**WORK TASK:** Nothing but the text should be carried over: reproduce all the data exactly and leave out every image.

START RECORDS

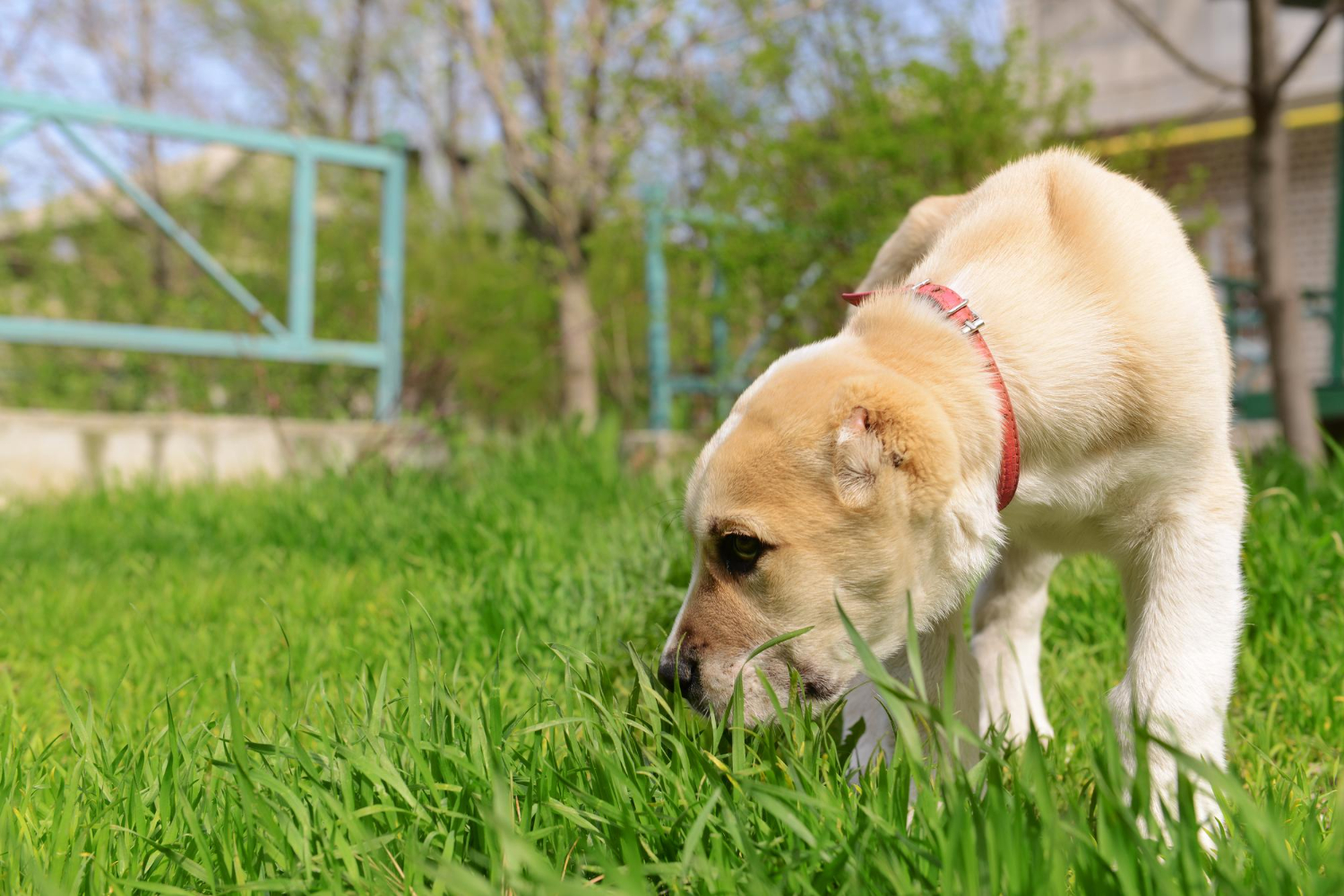 หญ้าในพื้นที่สาธารณะหรือสวนอาจมีการฉีดยาฆ่าแมลงหรือปุ๋ยเคมี ซึ่งเป็นอันตรายต่อสุนัขหากกินเข้าไป สารเคมีเหล่านี้อาจทำให้เกิดอาการแพ้ พิษ หรือปัญหาสุขภาพอื่นๆ
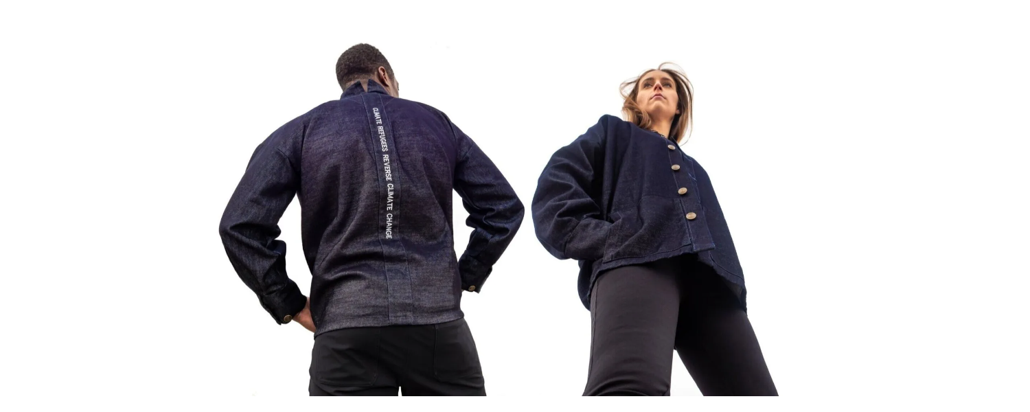 SXD X CLIMATE REFUGEES 夾克,Shelly Xu Design 設計,採用深藍色原生丹寧布料回收再造。版權:Shelly Xu 零廢棄製版並非美學層面的妥協,而是設計流程的煥發。其依托技術實現,並建立在對材質特性、裁剪製程與規模化生產的深刻理解之上。企業家兼科技創新者 Shelly Xu 正是該領域的專家!
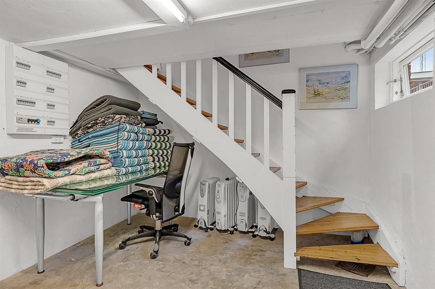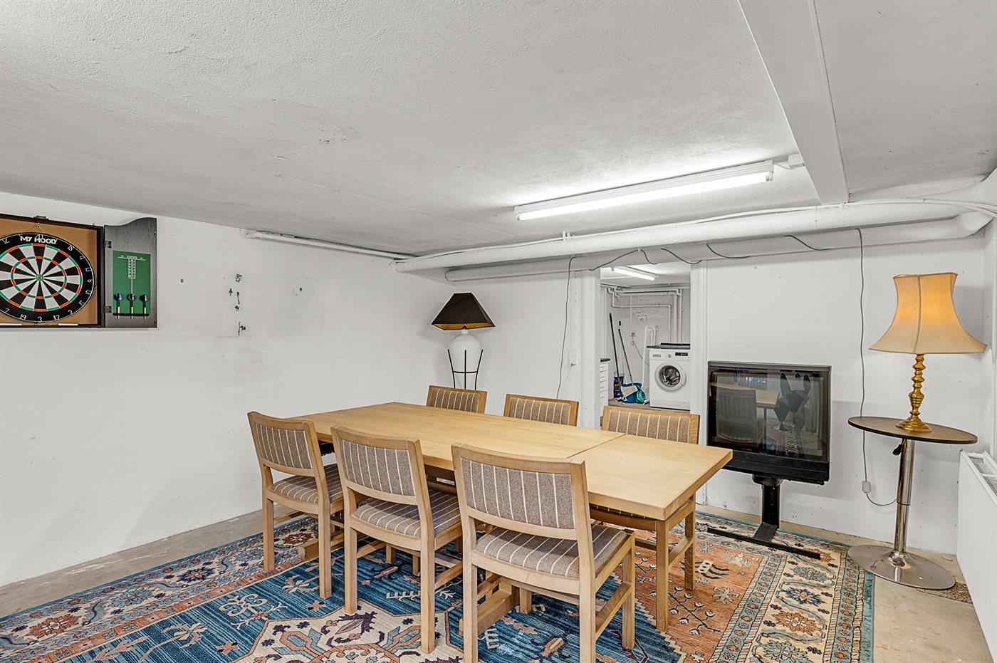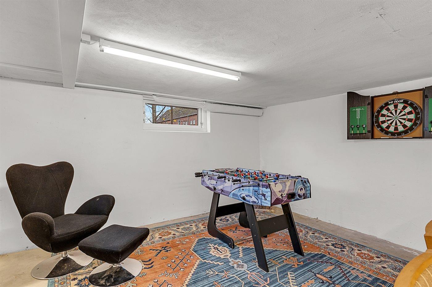 I kælderen er der udover bryggers og toilet et stort aktivitetsrum med flere aktiviteter. Bemærk, at loftshøjden i kælderen er begrænset, hvis man er meget høj.
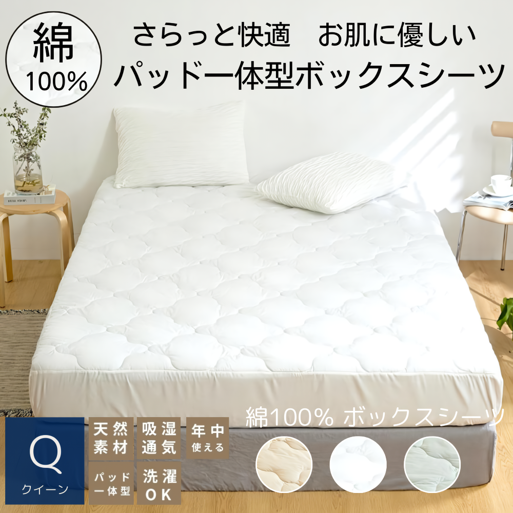 お肌にやさしい、綿100%のさらさらパッド一体型ボックスシーツ。
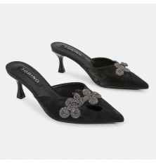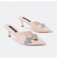 Shine with this 5 cm heel, with a closed pointed toe and a classic design decorated with a brooch. Available in colors that can be coordinated with different looks.
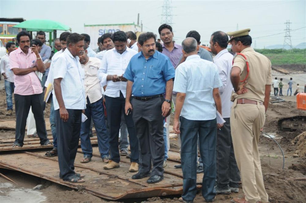 Krishna District Collector A Babu inspecting Pavitrasangamam Ghat Works on 1st August 2016.
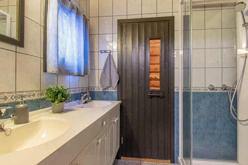 Badeværelser: Bad 1: Bruser, WC og sauna.
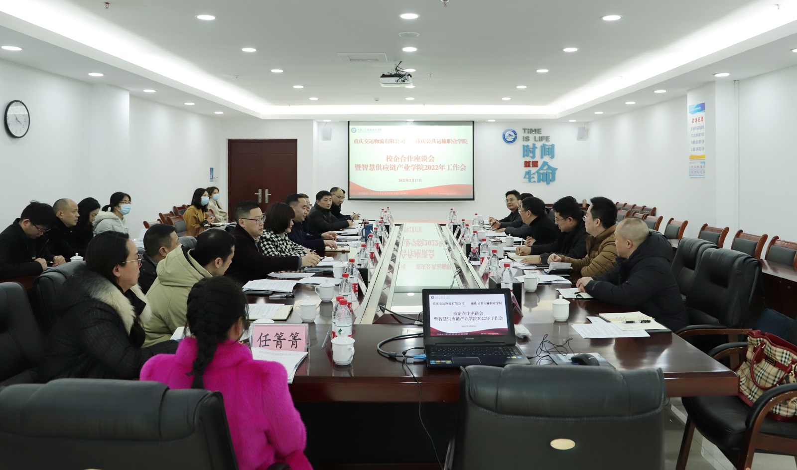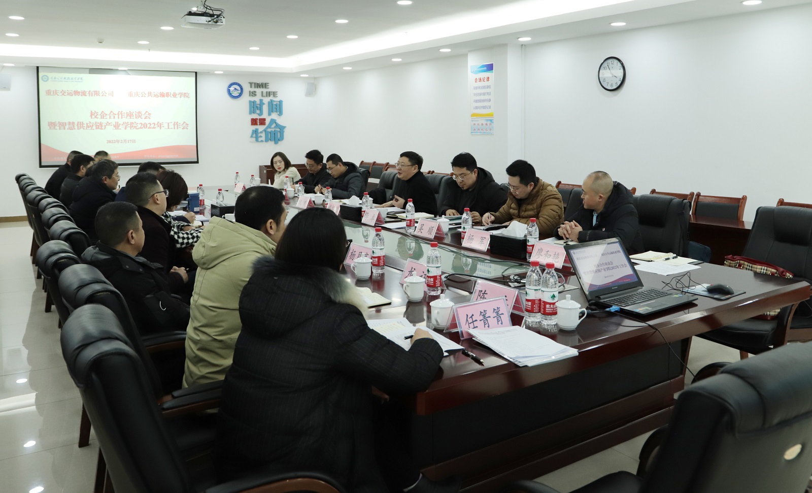 在此之前,学校和重庆交运物流有限公司在学校科学城主校区办公楼507会议室召开了一次校企合作座谈暨智慧供应链产业学院工作会。会上,交运物流公司总经理熊智刚,学校党委副书记、副校长李灿等校企双方代表,围绕行业企业人才需求、人才培养方案优化、订单班学员能力培养、学生关切、订单班规模质量、行业培训标准化建设、2022年重点工作等方面进行研讨交流。
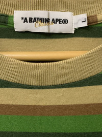 Free to send me an offer if my price not suit you🤝 Size: L Condition: 9/10 No stain, no pinhole or any flaws Superb condition and stripe Colour🔥 Embroided ape star logo on the chest NOTE: Please jugde condition with the picture given. The color might slightly different dur to lighting problem International Shipping: we also using express courier (FedEx / any express shipping takes 3-7 workings days) we will be using E-Commerse service (7-14 working days) Ship Out with tracking No returnable / Refund Thank You for your time and have a nice day!
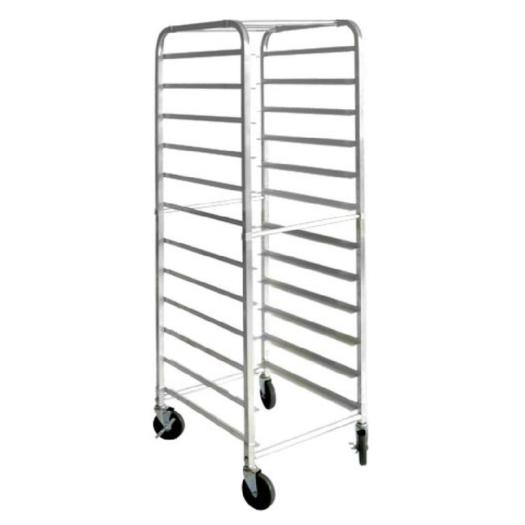 The Omcan 13504 (13504) Pan Rack Full Size Mobile is a versatile and sturdy storage solution designed to meet the demands of commercial kitchens, bakeries, and food service establishments. This full-size pan rack measures 21-1/4 inches in width, 26-3/4 inches in depth, and 71 inches in height, providing ample space for accommodating up to 12 pans, each measuring 18 inches by 26 inches. The rack is designed with open sides and an end load configuration, allowing for easy access and efficient loading and unloading of pans. Its curved top adds a subtle design enhancement, ensuring it fits seamlessly into various kitchen layouts. Constructed from durable aluminum, the Omcan 13504 pan rack promises longevity and resilience in high-use environments. It features a 5-inch spacing between the shelves, optimizing storage capacity while maintaining ease of use. Equipped with 5-inch casters, this pan rack offers excellent mobility, allowing staff to transport pans effortlessly across different areas within the kitchen. The unit is shipped in a knockdown (KD) format on a pallet, ensuring safe and compact delivery. The Omcan 13504 is an essential asset for establishments requiring reliable and efficient pan storage and mobility solutions.
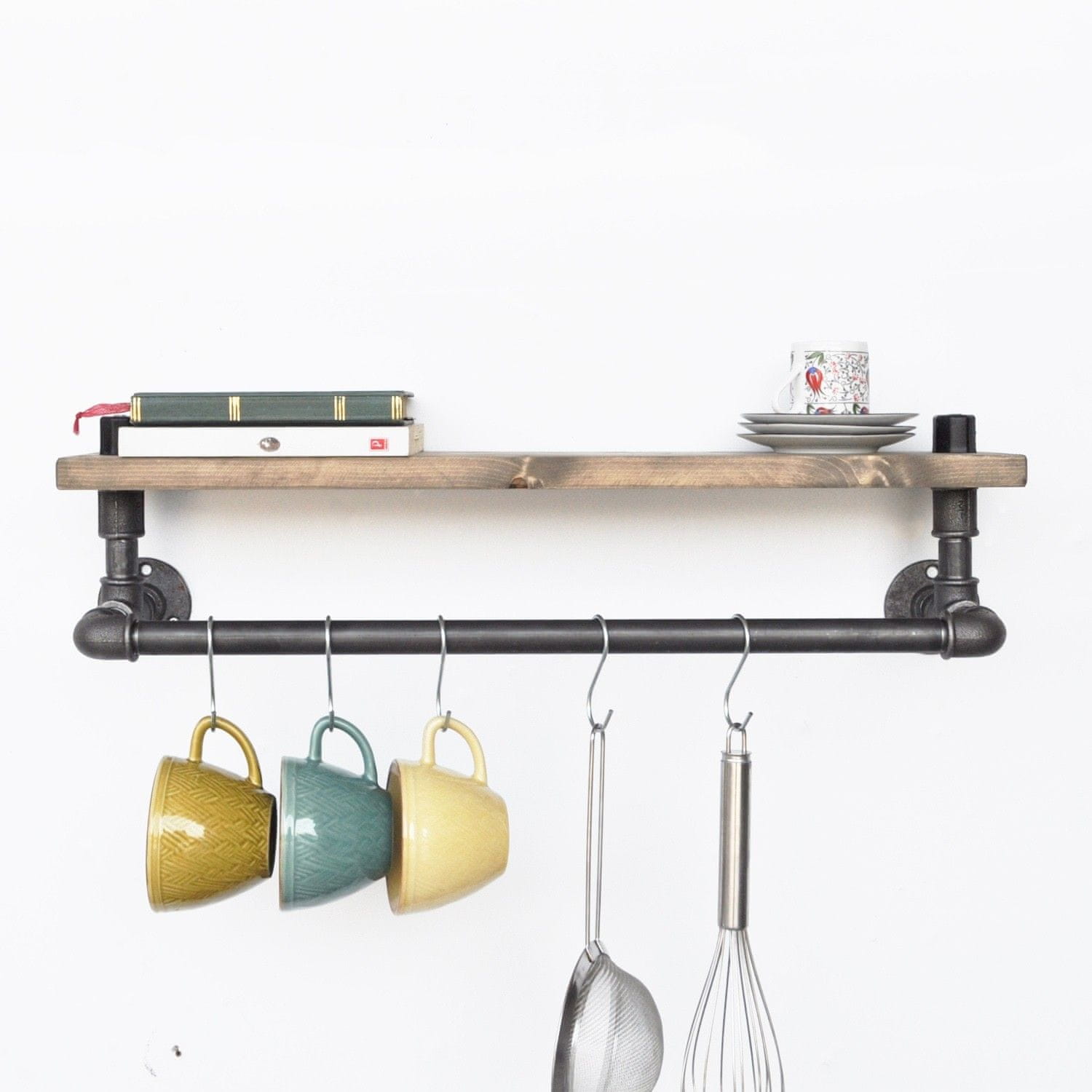 100 % SMREKOV LES Cev: 100 % KOVINA Ročna izdelava Širina: 60 cm Višina: 20 cm Globina: 14 cm Lahko se pritrdi na steno Sestavljeno Nosilnost: 2,50 kg
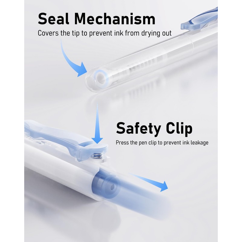 - Premium Quick-Drying Ink: This black ink pen uses premium gel quick-drying ink that dries quickly so the paper doesn't smudge or leak.Each tip is wax sealed to prevent the ink from drying outGreat for left handed people or those who tend to drag their hands while writing
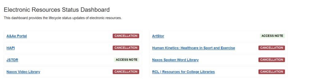Overview: The Electronic Resources Status Dashboard was developed using Springshare's System Status Management system to communicate changes efficiently. Updates are shared via email, MS Teams, and the dashboard, benefiting both internal and external users. It links to library pages, informing users about resource changes promptly. Explore it here: Electronic Resources Status Dashboard.
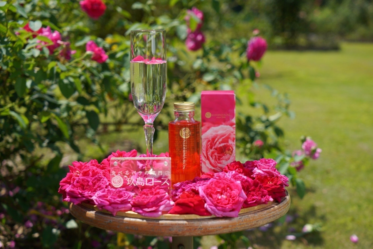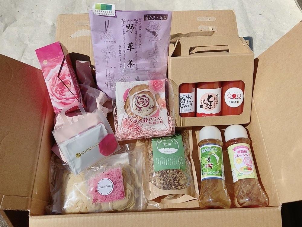 今回のプロジェクトの発起人、食べるバラの専門店「玖島ローズ」から、約100枚分の花びらを使用した「香るバラのしずく」(シロップ)と「香るバラのラングドシャ」「ローズキャンディー」「バラの塩」をお届けします。
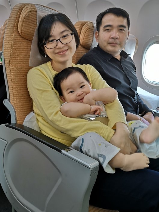从定机票开始, 首先我们选择的是非常baby friendly 的 新航。带2岁以下的宝宝,需要提前通知新航,他们会安排我们坐最前面的一排,飞机起飞后,相对平稳时,宝宝会有自己的睡篮。 后来证明这是正确选择,空姐空少非常友善,给我们玩具,还有宝宝食物, 小米米喜欢美女,一直拉着姐姐手不放😅

END RECORDS

**ANSWER SECTION:**
 หญ้าในพื้นที่สาธารณะหรือสวนอาจมีการฉีดยาฆ่าแมลงหรือปุ๋ยเคมี ซึ่งเป็นอันตรายต่อสุนัขหากกินเข้าไป สารเคมีเหล่านี้อาจทำให้เกิดอาการแพ้ พิษ หรือปัญหาสุขภาพอื่นๆ
 SXD X CLIMATE REFUGEES 夾克,Shelly Xu Design 設計,採用深藍色原生丹寧布料回收再造。版權:Shelly Xu 零廢棄製版並非美學層面的妥協,而是設計流程的煥發。其依托技術實現,並建立在對材質特性、裁剪製程與規模化生產的深刻理解之上。企業家兼科技創新者 Shelly Xu 正是該領域的專家!
 I kælderen er der udover bryggers og toilet et stort aktivitetsrum med flere aktiviteter. Bemærk, at loftshøjden i kælderen er begrænset, hvis man er meget høj.
 お肌にやさしい、綿100%のさらさらパッド一体型ボックスシーツ。
 Shine with this 5 cm heel, with a closed pointed toe and a classic design decorated with a brooch. Available in colors that can be coordinated with different looks.
 Krishna District Collector A Babu inspecting Pavitrasangamam Ghat Works on 1st August 2016.
 Badeværelser: Bad 1: Bruser, WC og sauna.
 在此之前,学校和重庆交运物流有限公司在学校科学城主校区办公楼507会议室召开了一次校企合作座谈暨智慧供应链产业学院工作会。会上,交运物流公司总经理熊智刚,学校党委副书记、副校长李灿等校企双方代表,围绕行业企业人才需求、人才培养方案优化、订单班学员能力培养、学生关切、订单班规模质量、行业培训标准化建设、2022年重点工作等方面进行研讨交流。
 Free to send me an offer if my price not suit you🤝 Size: L Condition: 9/10 No stain, no pinhole or any flaws Superb condition and stripe Colour🔥 Embroided ape star logo on the chest NOTE: Please jugde condition with the picture given. The color might slightly different dur to lighting problem International Shipping: we also using express courier (FedEx / any express shipping takes 3-7 workings days) we will be using E-Commerse service (7-14 working days) Ship Out with tracking No returnable / Refund Thank You for your time and have a nice day!
 The Omcan 13504 (13504) Pan Rack Full Size Mobile is a versatile and sturdy storage solution designed to meet the demands of commercial kitchens, bakeries, and food service establishments. This full-size pan rack measures 21-1/4 inches in width, 26-3/4 inches in depth, and 71 inches in height, providing ample space for accommodating up to 12 pans, each measuring 18 inches by 26 inches. The rack is designed with open sides and an end load configuration, allowing for easy access and efficient loading and unloading of pans. Its curved top adds a subtle design enhancement, ensuring it fits seamlessly into various kitchen layouts. Constructed from durable aluminum, the Omcan 13504 pan rack promises longevity and resilience in high-use environments. It features a 5-inch spacing between the shelves, optimizing storage capacity while maintaining ease of use. Equipped with 5-inch casters, this pan rack offers excellent mobility, allowing staff to transport pans effortlessly across different areas within the kitchen. The unit is shipped in a knockdown (KD) format on a pallet, ensuring safe and compact delivery. The Omcan 13504 is an essential asset for establishments requiring reliable and efficient pan storage and mobility solutions.
 100 % SMREKOV LES Cev: 100 % KOVINA Ročna izdelava Širina: 60 cm Višina: 20 cm Globina: 14 cm Lahko se pritrdi na steno Sestavljeno Nosilnost: 2,50 kg
 - Premium Quick-Drying Ink: This black ink pen uses premium gel quick-drying ink that dries quickly so the paper doesn't smudge or leak.Each tip is wax sealed to prevent the ink from drying outGreat for left handed people or those who tend to drag their hands while writing
Overview: The Electronic Resources Status Dashboard was developed using Springshare's System Status Management system to communicate changes efficiently. Updates are shared via email, MS Teams, and the dashboard, benefiting both internal and external users. It links to library pages, informing users about resource changes promptly. Explore it here: Electronic Resources Status Dashboard.
 今回のプロジェクトの発起人、食べるバラの専門店「玖島ローズ」から、約100枚分の花びらを使用した「香るバラのしずく」(シロップ)と「香るバラのラングドシャ」「ローズキャンディー」「バラの塩」をお届けします。
从定机票开始, 首先我们选择的是非常baby friendly 的 新航。带2岁以下的宝宝,需要提前通知新航,他们会安排我们坐最前面的一排,飞机起飞后,相对平稳时,宝宝会有自己的睡篮。 后来证明这是正确选择,空姐空少非常友善,给我们玩具,还有宝宝食物, 小米米喜欢美女,一直拉着姐姐手不放😅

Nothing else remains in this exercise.